What were you expecting?

I have no idea what you are talking about.

It happens to me all the time, but worst.

And it’s not that we should avoid them because they are mean, or wrong, or not helpful. We should avoid them because they do not allow the space for a deep conversation to happen.

The person coming to you will not learn anything new about how they feel and what the issue exactly is. You will not learn anything new about how you feel and what the issue exactly is. And perhaps even more importantly, the next time the person will not come to you to express concern.

Try instead unlocking deeper layers with open questions.

How does that make you feel?

That sounds important, tell me more about it.

It feels like a lot to take, what do you think?

And of course, sit down and truly listen. You cannot solve this right there.

Ramble

Be careful when you speak without having your ideas clear.

Particularly if you are in a position of power.

Too often half formulated ideas, biased opinions, personal preferences become some sort of a norm in a small, vertical group. And the norm is always difficult to challenge and to change.

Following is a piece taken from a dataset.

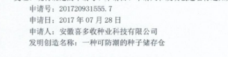 實(shí)用新型專利《一種可防潮的種子儲存?zhèn)}》專利申請受理通知書

You owe it to the people around you.

If all you can do now is ramble, now is a good time to let others talk.

P.S.: How worst is this nowadays with the widespread use of tools such as Slack or Teams! It would really be great if companies would stop to look at tools as solutions, and rather train their people in their usage and best practices. Companies are not ready for instant communication.

Absolute

If we want to grow, we need feedback. And if we want to learn from feedback, we need to stop taking it as absolute.

It is human to want to protect one’s work, reputation, identity. But that often leads us to see feedback as totally negative (or totally positive). We need to be able to identify the pieces of feedback we can use to improve and grow, while at the same time leaving out the pieces of feedback that are irrelevant or that we do not believe in (yet?).

Start thinking about who is giving the feedback and how much of what they are saying you do agree with. Receiving feedback is a muscle that can be trained.

Agree and disagree

Always make an effort to start with what you agree on.

We are wired to focus on the negative feedback, on the opposite opinions, on the rejections, on the new ideas. And so, we need intention to spot agreement.

Next time you get a difficult email, a new plan, a lengthy piece of feedback, a written comment, the notes from a difficult conversation, the minutes of a heated meeting. Print it out, take two markers of different color, highlight what you agree on with one and what you disagree on with the other.

Be honest and impartial. You will have set yourself on a learning path.